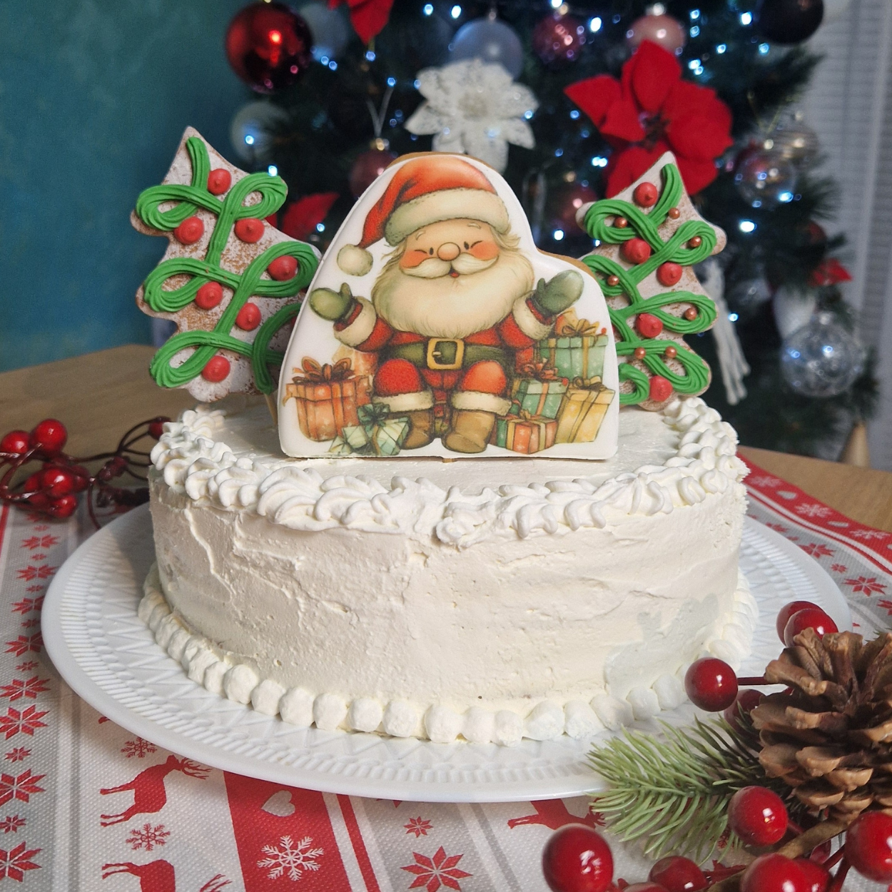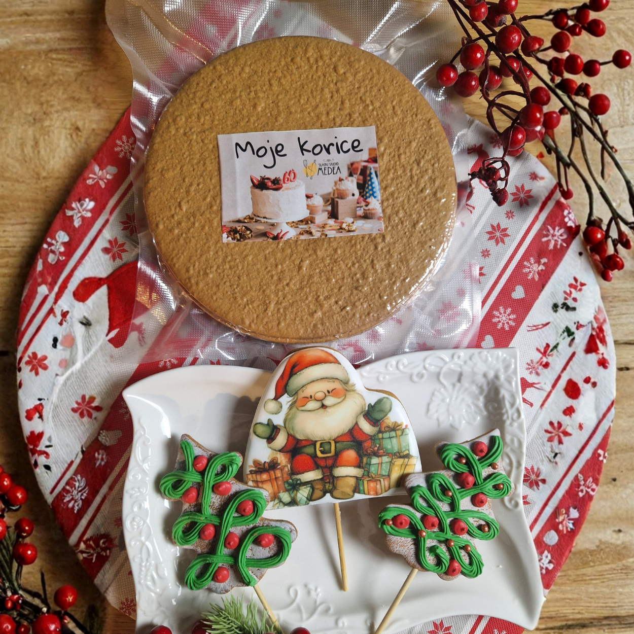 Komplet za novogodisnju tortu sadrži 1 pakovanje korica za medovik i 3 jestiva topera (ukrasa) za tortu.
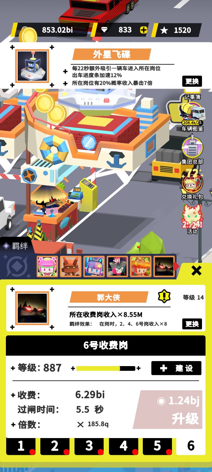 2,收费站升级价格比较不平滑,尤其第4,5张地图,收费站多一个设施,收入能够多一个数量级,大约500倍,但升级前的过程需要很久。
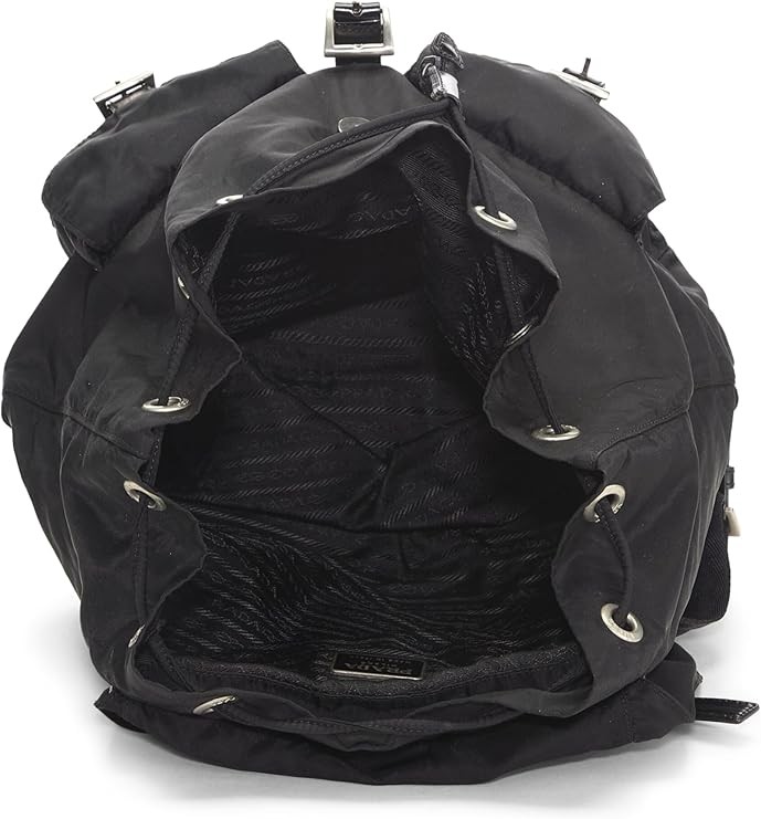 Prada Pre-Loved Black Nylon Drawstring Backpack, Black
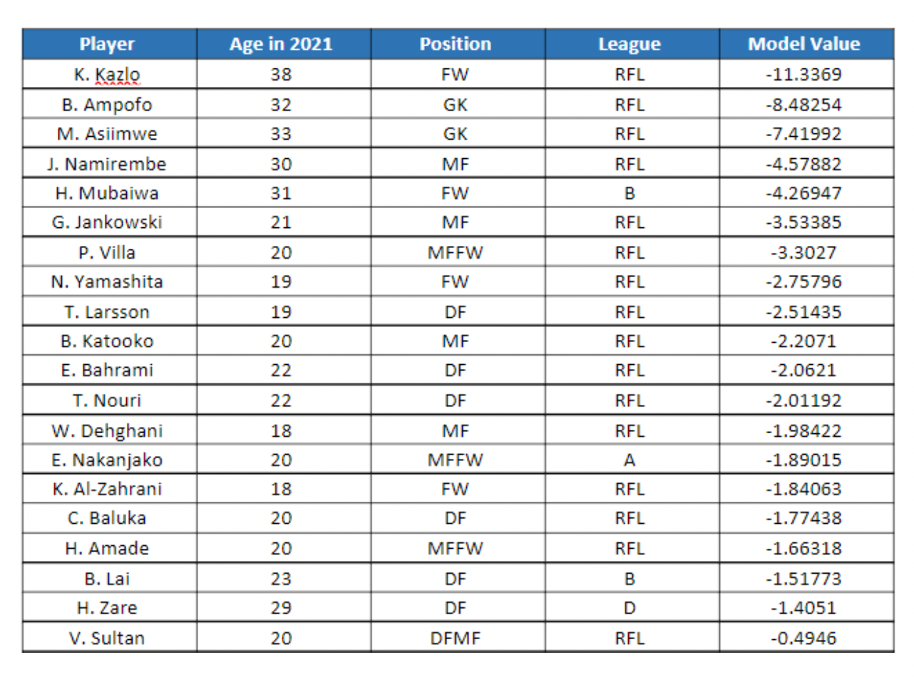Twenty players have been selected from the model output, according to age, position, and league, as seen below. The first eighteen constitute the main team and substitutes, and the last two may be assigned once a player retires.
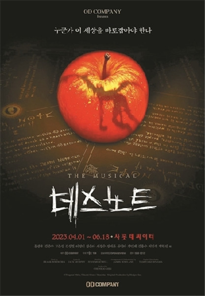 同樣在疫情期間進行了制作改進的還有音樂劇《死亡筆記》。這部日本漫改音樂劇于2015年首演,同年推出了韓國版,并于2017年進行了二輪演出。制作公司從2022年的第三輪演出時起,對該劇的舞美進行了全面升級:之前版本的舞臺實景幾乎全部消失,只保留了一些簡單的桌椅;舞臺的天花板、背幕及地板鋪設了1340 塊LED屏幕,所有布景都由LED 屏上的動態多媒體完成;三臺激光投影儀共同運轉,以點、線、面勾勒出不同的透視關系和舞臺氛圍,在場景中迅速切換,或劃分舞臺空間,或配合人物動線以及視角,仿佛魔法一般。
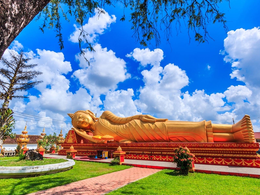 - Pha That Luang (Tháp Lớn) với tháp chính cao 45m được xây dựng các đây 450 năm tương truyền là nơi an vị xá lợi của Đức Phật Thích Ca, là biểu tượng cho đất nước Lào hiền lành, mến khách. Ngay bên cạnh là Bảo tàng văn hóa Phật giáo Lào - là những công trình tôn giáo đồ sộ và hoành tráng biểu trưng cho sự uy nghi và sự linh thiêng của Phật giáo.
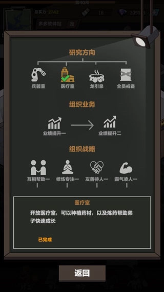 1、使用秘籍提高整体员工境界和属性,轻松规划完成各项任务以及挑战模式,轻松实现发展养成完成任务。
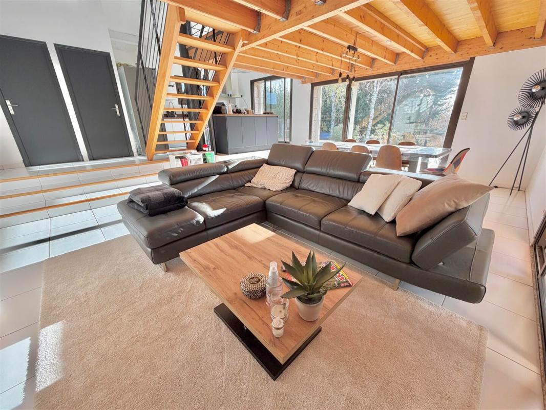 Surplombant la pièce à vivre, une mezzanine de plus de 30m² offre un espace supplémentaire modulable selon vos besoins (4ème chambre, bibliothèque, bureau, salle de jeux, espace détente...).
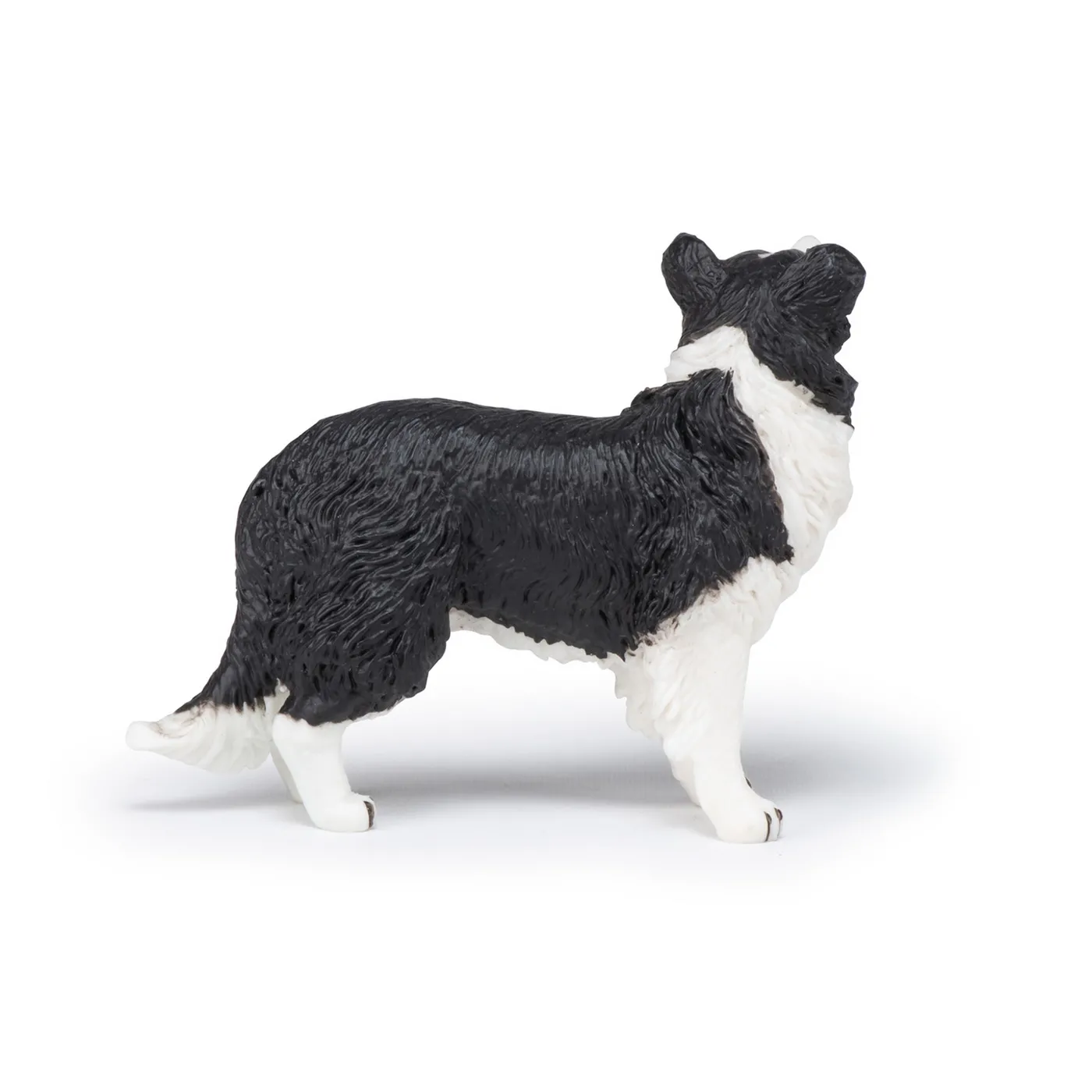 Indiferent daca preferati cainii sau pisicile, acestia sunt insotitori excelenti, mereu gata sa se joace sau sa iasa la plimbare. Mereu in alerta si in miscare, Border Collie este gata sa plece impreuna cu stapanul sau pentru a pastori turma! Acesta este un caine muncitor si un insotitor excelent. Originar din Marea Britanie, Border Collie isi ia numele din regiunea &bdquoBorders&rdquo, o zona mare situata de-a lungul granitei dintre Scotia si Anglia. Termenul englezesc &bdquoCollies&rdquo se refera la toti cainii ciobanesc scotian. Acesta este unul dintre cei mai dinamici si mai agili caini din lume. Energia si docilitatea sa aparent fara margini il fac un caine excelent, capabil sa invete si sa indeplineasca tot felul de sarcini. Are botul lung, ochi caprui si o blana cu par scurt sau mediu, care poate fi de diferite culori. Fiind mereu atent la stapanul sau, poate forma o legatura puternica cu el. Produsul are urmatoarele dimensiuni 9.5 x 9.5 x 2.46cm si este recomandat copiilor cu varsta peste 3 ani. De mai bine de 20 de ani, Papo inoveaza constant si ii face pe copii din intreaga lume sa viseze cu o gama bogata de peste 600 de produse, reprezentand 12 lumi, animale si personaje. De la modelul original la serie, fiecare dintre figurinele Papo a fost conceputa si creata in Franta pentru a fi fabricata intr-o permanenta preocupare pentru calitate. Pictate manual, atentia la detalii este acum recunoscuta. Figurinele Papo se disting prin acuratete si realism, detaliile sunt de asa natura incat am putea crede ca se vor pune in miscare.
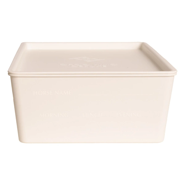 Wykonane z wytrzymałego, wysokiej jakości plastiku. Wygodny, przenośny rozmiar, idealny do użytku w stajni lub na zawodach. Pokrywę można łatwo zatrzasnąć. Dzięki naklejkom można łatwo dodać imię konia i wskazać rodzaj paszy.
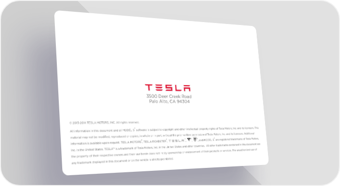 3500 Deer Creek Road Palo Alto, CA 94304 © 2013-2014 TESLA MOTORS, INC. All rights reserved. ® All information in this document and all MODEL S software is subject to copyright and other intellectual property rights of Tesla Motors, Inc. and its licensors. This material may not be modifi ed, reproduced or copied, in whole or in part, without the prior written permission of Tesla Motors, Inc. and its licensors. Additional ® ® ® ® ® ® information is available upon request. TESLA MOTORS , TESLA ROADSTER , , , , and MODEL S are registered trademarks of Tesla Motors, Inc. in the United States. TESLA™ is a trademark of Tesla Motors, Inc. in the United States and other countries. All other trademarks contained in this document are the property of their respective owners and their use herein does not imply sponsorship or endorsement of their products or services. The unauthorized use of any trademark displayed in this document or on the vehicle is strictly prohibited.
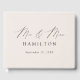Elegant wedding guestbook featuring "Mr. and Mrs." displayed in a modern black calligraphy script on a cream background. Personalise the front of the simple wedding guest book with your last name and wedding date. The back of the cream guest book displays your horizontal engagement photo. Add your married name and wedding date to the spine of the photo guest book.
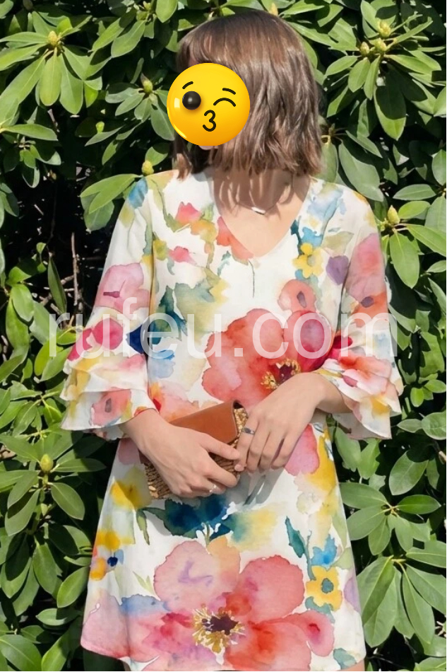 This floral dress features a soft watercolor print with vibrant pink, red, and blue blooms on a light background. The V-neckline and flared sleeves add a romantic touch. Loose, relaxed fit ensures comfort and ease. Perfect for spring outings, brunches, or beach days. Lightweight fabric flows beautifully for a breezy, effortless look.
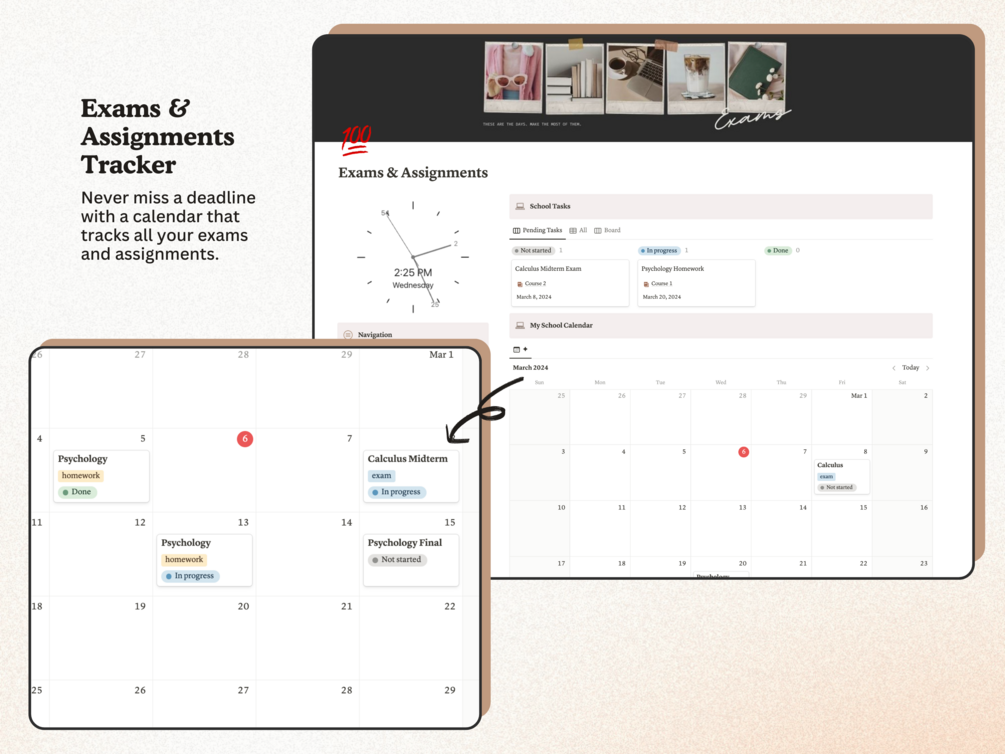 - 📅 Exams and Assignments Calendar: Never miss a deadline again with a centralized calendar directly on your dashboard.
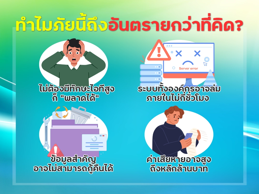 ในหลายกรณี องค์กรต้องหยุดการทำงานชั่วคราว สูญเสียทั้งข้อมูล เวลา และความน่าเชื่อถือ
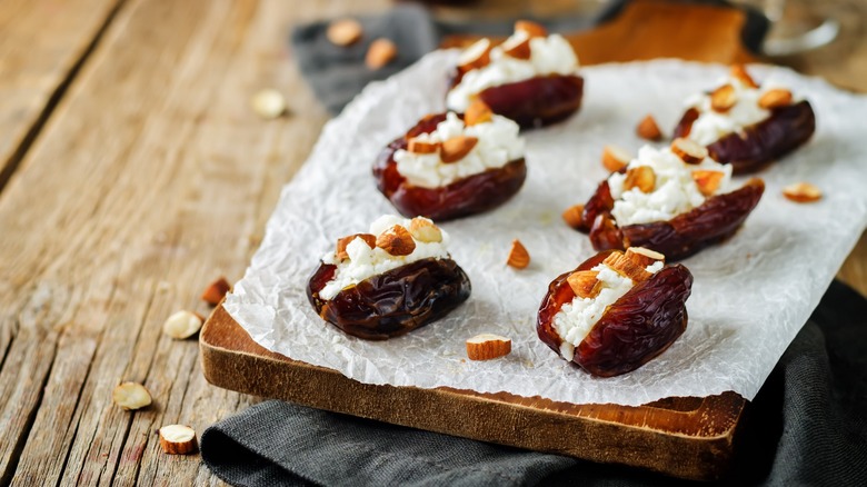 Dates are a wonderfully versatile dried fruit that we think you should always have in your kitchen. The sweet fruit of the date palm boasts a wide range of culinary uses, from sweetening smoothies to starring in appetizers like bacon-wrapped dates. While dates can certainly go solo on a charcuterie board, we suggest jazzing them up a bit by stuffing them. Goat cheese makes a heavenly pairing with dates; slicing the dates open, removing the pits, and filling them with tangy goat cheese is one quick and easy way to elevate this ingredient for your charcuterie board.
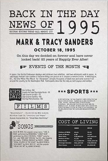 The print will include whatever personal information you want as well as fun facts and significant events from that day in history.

WHAT IS NEEDED> Give the lines again exactly, beginning with the first line of the records above and ending with the line that contains "Prada Pre-Loved Black", and include no pictures.

RESPONSE TO THIS EXERCISE>
 Komplet za novogodisnju tortu sadrži 1 pakovanje korica za medovik i 3 jestiva topera (ukrasa) za tortu.
 2,收费站升级价格比较不平滑,尤其第4,5张地图,收费站多一个设施,收入能够多一个数量级,大约500倍,但升级前的过程需要很久。
 Prada Pre-Loved Black Nylon Drawstring Backpack, Black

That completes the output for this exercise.